The possibilities are as endless as your imagination.

Also, to be inspired by nature, music, languages, cultures, people -- to notice things around you, and pay attention to "simple" things is a lovely way to learn about details and how to focus and be a bit more quiet and present

Art making has become my life and part of, if not all of, who I am and what I do everyday.  It is infused in my daily routine and my interests and activities.  I have become more honest, more disciplined, more loving, and more confident as a result of my art journaling practice; as well as more passionate about art in general. 

I often wonder how the universe would be improved if others were more mindful, more careful of their thoughts and reactions; their language and treatment of strangers, family members, and friends.  I practice meditation and art making to focus and re-focus my spiritual and divine intentions; I exercise to strengthen my physical body and eat well to remain nourished and healthy. 

Dear Reader, I believe that your art is necessary and relevant in this universe.

Peace.

Thursday, December 16, 2010

(1)

I don't know what to say, to begin -- to write or post an image...I suppose I'm quite self-conscious and insecure about this blogging thing.  I guess an introduction of sorts will be sufficient.  :)

Hello.  It's nice to see you, and I'm glad that you stopped by here.  I hope that your day has been as infinitely appealing and expansive as your most desired passions, your wildest and most sacred dreams.  This description may be a stretch -- but, imagine living as you are -- you -- as an authentic, present creature, and there you have it -- a beginning to that "nirvana," whatever that may be.

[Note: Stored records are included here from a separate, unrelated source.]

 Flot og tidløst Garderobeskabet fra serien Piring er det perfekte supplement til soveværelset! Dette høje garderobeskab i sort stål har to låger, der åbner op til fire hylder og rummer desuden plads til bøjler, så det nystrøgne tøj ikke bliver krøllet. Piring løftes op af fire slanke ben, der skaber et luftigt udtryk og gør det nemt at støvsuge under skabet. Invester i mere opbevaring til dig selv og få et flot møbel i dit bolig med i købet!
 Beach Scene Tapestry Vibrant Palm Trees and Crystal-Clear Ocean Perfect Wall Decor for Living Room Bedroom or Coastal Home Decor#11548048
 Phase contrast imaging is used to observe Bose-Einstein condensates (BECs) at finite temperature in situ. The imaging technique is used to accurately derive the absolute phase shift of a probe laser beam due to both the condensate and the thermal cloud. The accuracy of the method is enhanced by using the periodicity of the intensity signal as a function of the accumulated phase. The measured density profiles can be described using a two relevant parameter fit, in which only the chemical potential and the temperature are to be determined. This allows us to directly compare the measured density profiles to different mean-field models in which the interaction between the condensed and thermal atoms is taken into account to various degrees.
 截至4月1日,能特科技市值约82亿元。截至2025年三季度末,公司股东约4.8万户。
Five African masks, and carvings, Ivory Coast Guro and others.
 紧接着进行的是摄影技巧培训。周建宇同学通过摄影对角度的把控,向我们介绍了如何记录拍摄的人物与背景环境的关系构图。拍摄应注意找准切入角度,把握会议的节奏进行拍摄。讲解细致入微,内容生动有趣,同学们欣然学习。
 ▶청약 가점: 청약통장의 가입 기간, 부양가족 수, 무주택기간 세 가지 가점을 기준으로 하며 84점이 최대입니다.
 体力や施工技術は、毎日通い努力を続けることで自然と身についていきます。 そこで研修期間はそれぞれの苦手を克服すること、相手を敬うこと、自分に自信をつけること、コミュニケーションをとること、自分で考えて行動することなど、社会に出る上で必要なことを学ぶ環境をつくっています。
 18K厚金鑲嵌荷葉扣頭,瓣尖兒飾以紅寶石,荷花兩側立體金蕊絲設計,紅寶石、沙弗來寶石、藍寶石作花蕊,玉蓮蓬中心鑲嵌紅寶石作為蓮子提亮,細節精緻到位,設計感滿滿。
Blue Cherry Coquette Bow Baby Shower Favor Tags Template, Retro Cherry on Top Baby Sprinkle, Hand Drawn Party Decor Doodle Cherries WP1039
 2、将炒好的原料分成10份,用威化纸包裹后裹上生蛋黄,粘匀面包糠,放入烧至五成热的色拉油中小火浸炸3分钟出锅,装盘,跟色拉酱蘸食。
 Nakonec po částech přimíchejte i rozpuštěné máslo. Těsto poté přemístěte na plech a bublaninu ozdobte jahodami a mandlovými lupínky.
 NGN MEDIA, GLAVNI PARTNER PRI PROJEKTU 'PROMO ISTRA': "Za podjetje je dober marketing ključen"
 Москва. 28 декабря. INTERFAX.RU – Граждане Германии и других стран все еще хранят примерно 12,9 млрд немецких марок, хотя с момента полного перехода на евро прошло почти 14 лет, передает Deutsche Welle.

I started this blog because I believe in the power of shared knowledge, self-education/education, art, and creativity.  I have also been inspired by many artists who blog about their creative processes, passions, and discoveries. 

I don't want to keep "my" art a secret or have it hidden and stowed away, unreachable and unseen -- and if there is something in it that resonates with a reader, then even better. 

I've had this nagging/pressing urge in the back of my mind to blog on a regular basis for awhile -- with authenticity and honesty, as I seek that now in all aspects of my life.  So, here I am -- giving this my best shot.

Just a heads-up: I'm not a great writer, artist, blogger, art-journaler, etc.  But, I'm passionate about what I do, and I think that makes what I'll be posting worth sharing, if only for that.  I also tend to use flowery words and ramble a bit and get off-topic, but oh, well, I don't have an editor on call.  /disclaimer

I'm going through a tumultuous time, as a recent college graduate -- I'm in a flux (a major one), for the second time in my life.  My life is no longer so "clear-cut" and structured as when I lived by a class schedule and semester term system.  I suppose that I am now in the "real-world" system, moving forward, step-by-step in a life that I am extending from with the base of a college education.

(More on this later...)

I have expanded beyond my college borders in several ways this year: (1) traveling abroad to a foreign country in January, (2) attending Teesha and Tracy Moore's annual Journalfest retreat in October, (3) applying and interviewing for jobs, (4) applying to graduate school, (5) presenting at a research conference in April, and more. 

I hope to continue the positive momentum that I've started, and branch out even further in the New Year, experimenting more with my art practice and being even more disciplined.  Maybe registering for a dance class or two?

Happy Holidays, and best wishes of peace, awareness, and creativity everyday of the year.